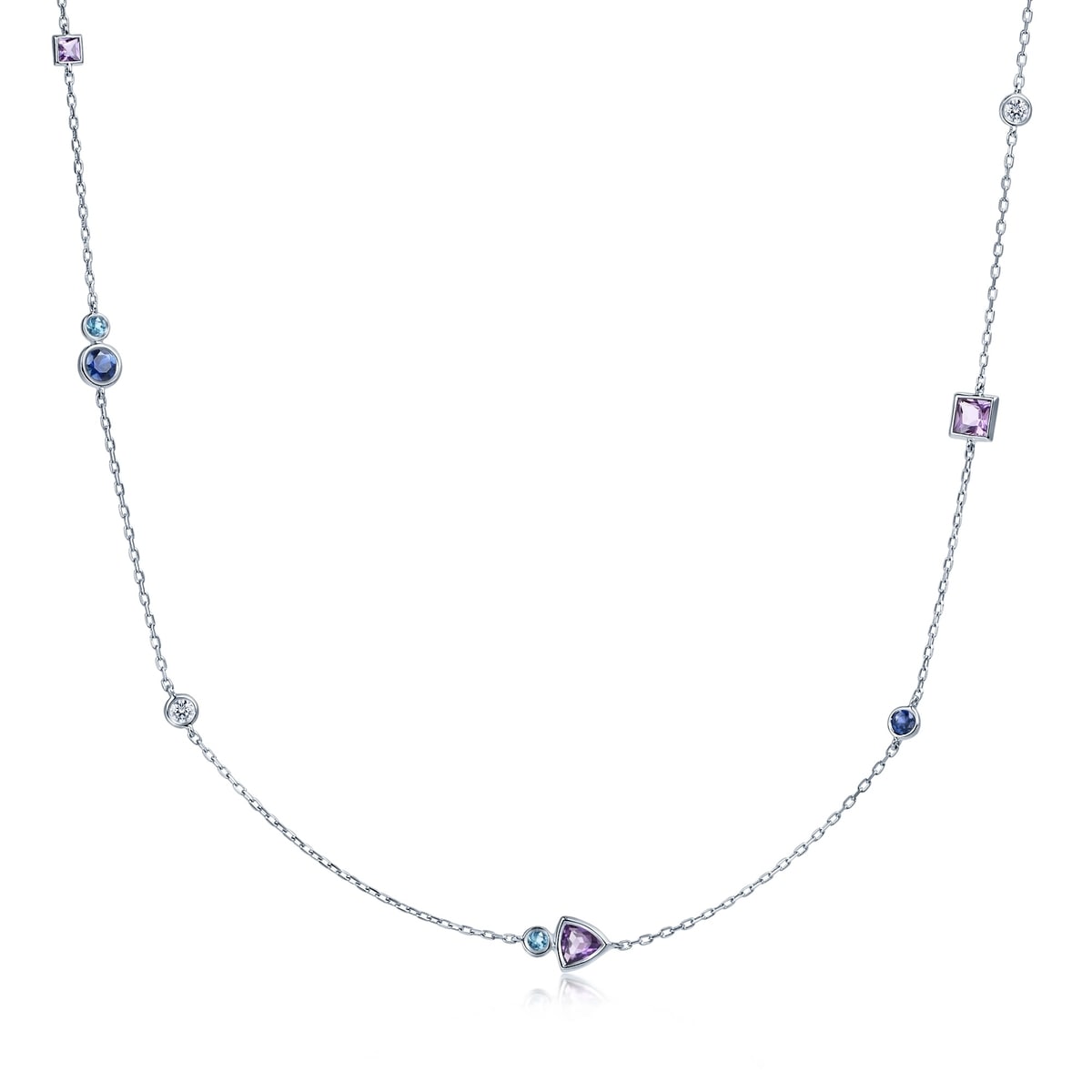 Semi-precious stones add vibrant luminescence to the 18K white gold amethyst diamond necklace. Mixing triangular, circular and square geometric patterns with sapphire, diamond, blue topaz and amethyst, the designs are playful and exuberantly flexible.
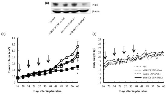 - Okamoto, A.; Asai, T.; Hirai, Y.; Shimizu, K.; Koide, H.; Minamino, T.; Oku, N. Systemic administration of siRNA with anti-HB-EGF antibody-modified lipid nanoparticles for the treatment of triple-negative breast cancer. Mol. Pharm. 2018, 15, 1495–1504. [Google Scholar] [CrossRef] [PubMed]
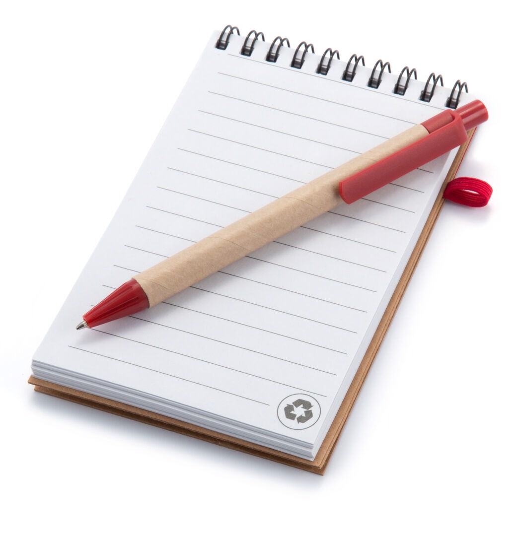 Ring notebook with soft-touch covers in resistant bicolor recycled cardboard. With elastic fastening on the cover and recycled cardboard ball pen in matching color. 70 sheets with striped, ecological layout and ball pen holder on the back cover. Hard Cover. 70 Sheets. Recycled Cardboard Pen Included
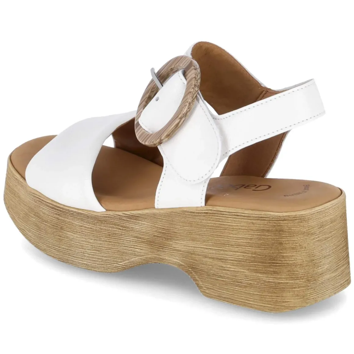 Diese Gabor Sandalen verbinden sommerliche Leichtigkeit mit hochwertiger Verarbeitung. Das Obermaterial aus weißem Glattleder wirkt klar und modern, während langlebiges Echtleder und ein angenehmes Lederfutter für ein wertiges Tragegefühl sorgen. Die offene Schuhspitze lässt Luft zirkulieren, die Decksohle aus Leder schmiegt sich angenehm an. Der 5,5 cm hohe Plateauabsatz sorgt für eine sanfte Erhöhung und entlastet den Fuß durch die ebenmäßige Auftrittsfläche. Ein bequemer Klettverschluss erleichtert das An- und Ausziehen; der Klettverschlussriemen mit Zierschnalle setzt einen edlen Akzent. Zusätzlich bietet die rutschhemmende Laufsohle im Clogdesign mit Holzoptik zuverlässige Stabilität. Das Modell fällt normal aus und eignet sich ideal für den Alltag wie auch für den Stadtbummel. Modetipp: Ton-in-Ton zu weißer Leinenhose und cremefarbenem Top kombinieren, dazu eine strukturierte Crossbody-Bag in Naturtönen.
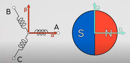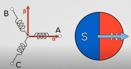 由克拉克变换,实际上我们已经成功对电机的正弦驱动三相曲线进行降维度,使之变成了一个两轴坐标问题,并且得到其转换关系。但是只有它是不够的,我们还需要将这个理论和旋转电机对应起来,也就是建立电机旋转时的数学模型。
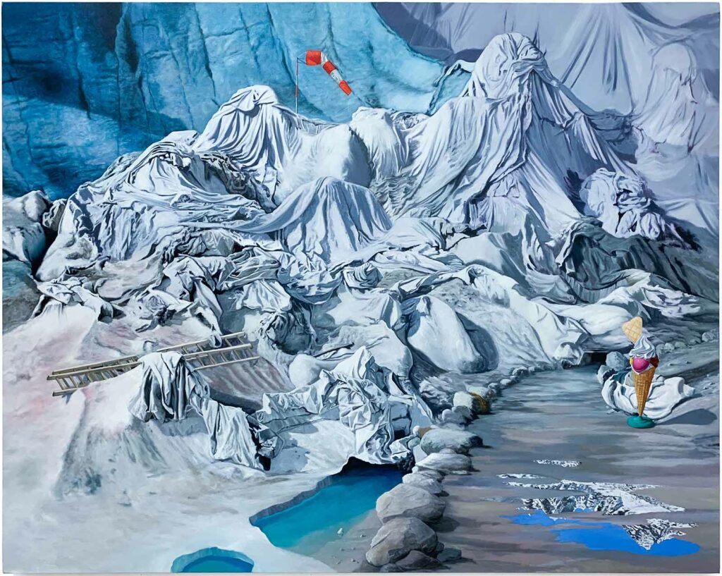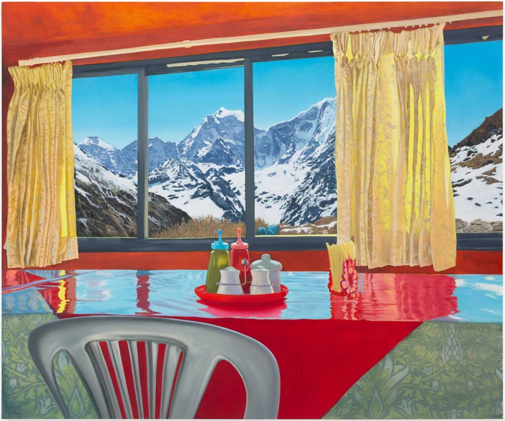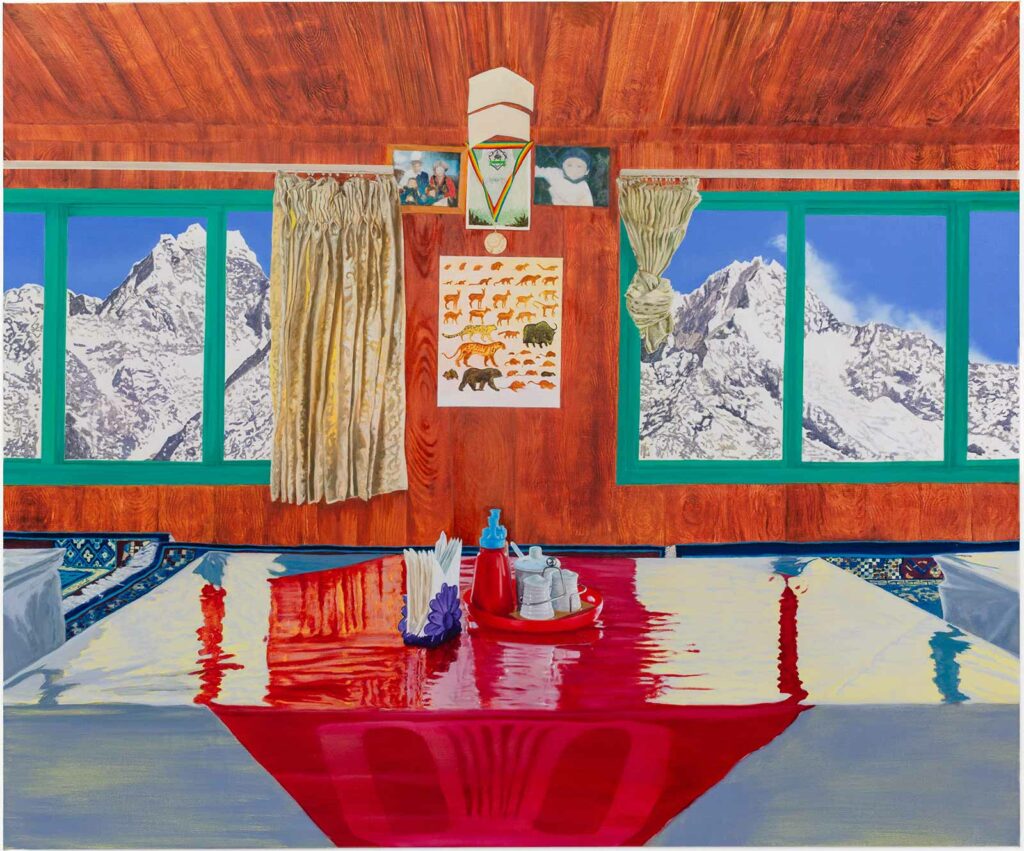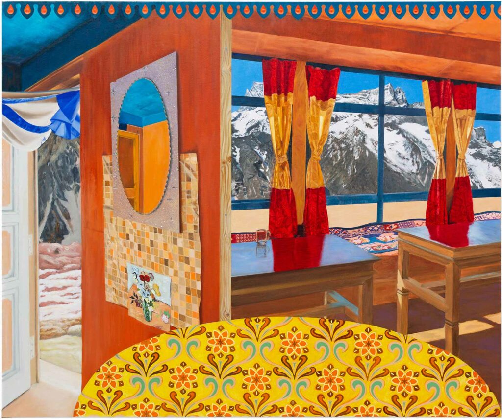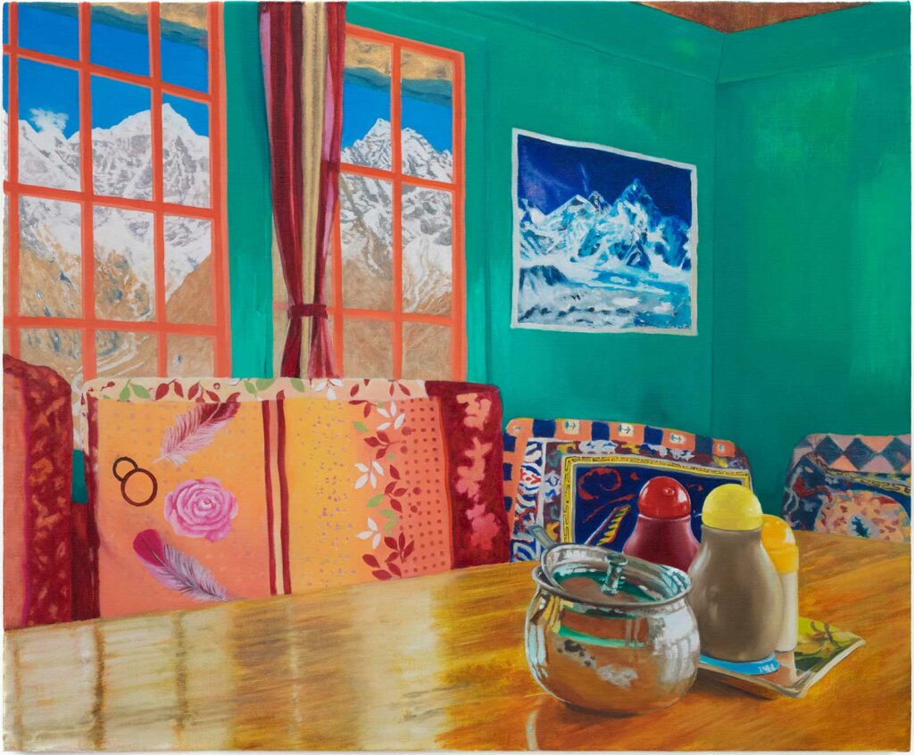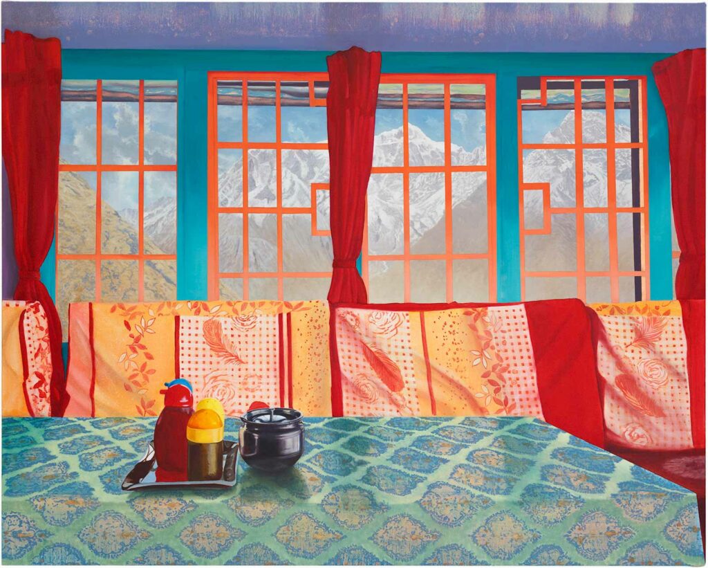 My recent body of work is largely represented by paintings of modest interiors looking out at Himalayan mountains-capes. These works continue my enduring interest in landscape and mountains as subjects in art but which increasingly use windows and interior space to explore spatial possibilities in painting. By including the mountains as a constant presence they begin to function in the way in which iconography does in many cultures, itself a reference to the sacred role that Mountains play in many Asian cultures. I’m interested in the ways in which people relate to landscapes culturally and the role that painting has played in forming these relationships. By including the everyday-looking domestic objects placed before the spectacular backdrop of the mountains I intend to upend the Romantic archetypes often attributed to mountain scenery.
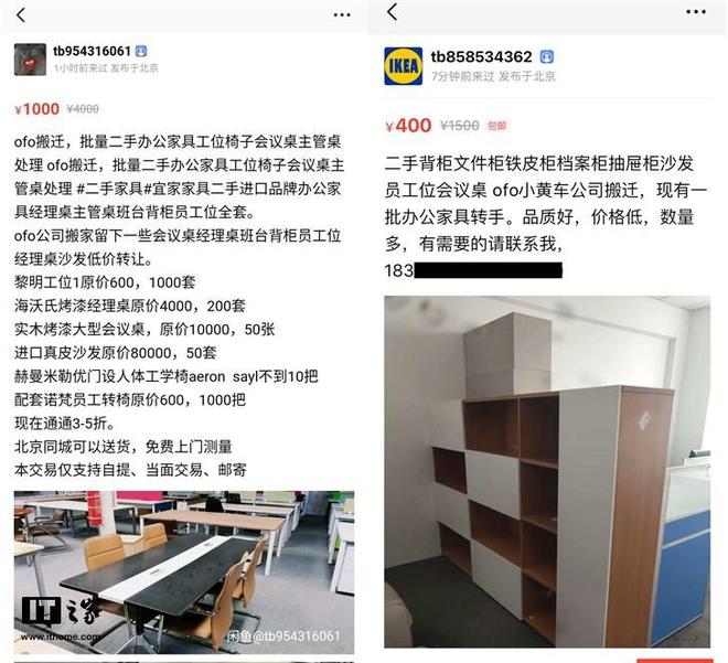 闲鱼信息显示,两位闲置信息发布者均是来自北京,信息发布者称,系ofo搬迁所以才出手这些办公用品。所有的桌椅板凳沙发均以三到五折出售。粗略估计,此次闲鱼上挂出的这些办公用品购入价格至少650万元。粗略估计,此次闲鱼上挂出的这些办公用品购入价格至少650万元。
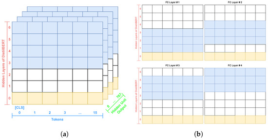 Each classifier used in the ensemble draws upon different portions of the DistilBERT embeddings. Figure 3a,b illustrate how a tensor of three sequentially hidden layers (marked in blue) is combined with a common ground layer (marked in orange) to form the ensemble classifiers’ input. The network-specific hidden layers and the common ground layer are concatenated and afterward transformed into a 1D vector for the fully connected neural network, which is then trained on these data. A majority voting mechanism is used to generate two crucial outputs: (i) an overarching assessment and (ii) a confidence score. The confidence score serves as a metric to gauge the consensus among the various neural networks regarding their evaluations.
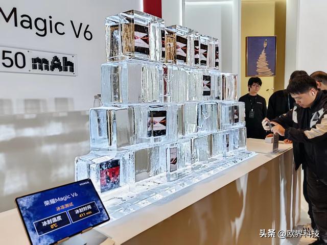 Magic V6搭载2800MPa盾构钢铰链,材料强度超过汽车A柱标准,通过3150吨航空级锻造工艺,结构可靠性较上一代提升40%。它也是全球首款同时通过IP68+IP69双重认证的折叠设备,可应对深水浸泡、高温喷淋等极端环境,发布会现场甚至设置了拳击屏幕、冰封手机等互动体验区,直观展示其“耐造”属性。

######

== YOUR OBJECTIVE ==
Keep the pictures out and transcribe the listing exactly.

== SOLVED EXERCISE ==
 Semi-precious stones add vibrant luminescence to the 18K white gold amethyst diamond necklace. Mixing triangular, circular and square geometric patterns with sapphire, diamond, blue topaz and amethyst, the designs are playful and exuberantly flexible.
 - Okamoto, A.; Asai, T.; Hirai, Y.; Shimizu, K.; Koide, H.; Minamino, T.; Oku, N. Systemic administration of siRNA with anti-HB-EGF antibody-modified lipid nanoparticles for the treatment of triple-negative breast cancer. Mol. Pharm. 2018, 15, 1495–1504. [Google Scholar] [CrossRef] [PubMed]
 Ring notebook with soft-touch covers in resistant bicolor recycled cardboard. With elastic fastening on the cover and recycled cardboard ball pen in matching color. 70 sheets with striped, ecological layout and ball pen holder on the back cover. Hard Cover. 70 Sheets. Recycled Cardboard Pen Included
 Diese Gabor Sandalen verbinden sommerliche Leichtigkeit mit hochwertiger Verarbeitung. Das Obermaterial aus weißem Glattleder wirkt klar und modern, während langlebiges Echtleder und ein angenehmes Lederfutter für ein wertiges Tragegefühl sorgen. Die offene Schuhspitze lässt Luft zirkulieren, die Decksohle aus Leder schmiegt sich angenehm an. Der 5,5 cm hohe Plateauabsatz sorgt für eine sanfte Erhöhung und entlastet den Fuß durch die ebenmäßige Auftrittsfläche. Ein bequemer Klettverschluss erleichtert das An- und Ausziehen; der Klettverschlussriemen mit Zierschnalle setzt einen edlen Akzent. Zusätzlich bietet die rutschhemmende Laufsohle im Clogdesign mit Holzoptik zuverlässige Stabilität. Das Modell fällt normal aus und eignet sich ideal für den Alltag wie auch für den Stadtbummel. Modetipp: Ton-in-Ton zu weißer Leinenhose und cremefarbenem Top kombinieren, dazu eine strukturierte Crossbody-Bag in Naturtönen.
 由克拉克变换,实际上我们已经成功对电机的正弦驱动三相曲线进行降维度,使之变成了一个两轴坐标问题,并且得到其转换关系。但是只有它是不够的,我们还需要将这个理论和旋转电机对应起来,也就是建立电机旋转时的数学模型。
 My recent body of work is largely represented by paintings of modest interiors looking out at Himalayan mountains-capes. These works continue my enduring interest in landscape and mountains as subjects in art but which increasingly use windows and interior space to explore spatial possibilities in painting. By including the mountains as a constant presence they begin to function in the way in which iconography does in many cultures, itself a reference to the sacred role that Mountains play in many Asian cultures. I’m interested in the ways in which people relate to landscapes culturally and the role that painting has played in forming these relationships. By including the everyday-looking domestic objects placed before the spectacular backdrop of the mountains I intend to upend the Romantic archetypes often attributed to mountain scenery.
 闲鱼信息显示,两位闲置信息发布者均是来自北京,信息发布者称,系ofo搬迁所以才出手这些办公用品。所有的桌椅板凳沙发均以三到五折出售。粗略估计,此次闲鱼上挂出的这些办公用品购入价格至少650万元。粗略估计,此次闲鱼上挂出的这些办公用品购入价格至少650万元。
 Each classifier used in the ensemble draws upon different portions of the DistilBERT embeddings. Figure 3a,b illustrate how a tensor of three sequentially hidden layers (marked in blue) is combined with a common ground layer (marked in orange) to form the ensemble classifiers’ input. The network-specific hidden layers and the common ground layer are concatenated and afterward transformed into a 1D vector for the fully connected neural network, which is then trained on these data. A majority voting mechanism is used to generate two crucial outputs: (i) an overarching assessment and (ii) a confidence score. The confidence score serves as a metric to gauge the consensus among the various neural networks regarding their evaluations.
 Magic V6搭载2800MPa盾构钢铰链,材料强度超过汽车A柱标准,通过3150吨航空级锻造工艺,结构可靠性较上一代提升40%。它也是全球首款同时通过IP68+IP69双重认证的折叠设备,可应对深水浸泡、高温喷淋等极端环境,发布会现场甚至设置了拳击屏幕、冰封手机等互动体验区,直观展示其“耐造”属性。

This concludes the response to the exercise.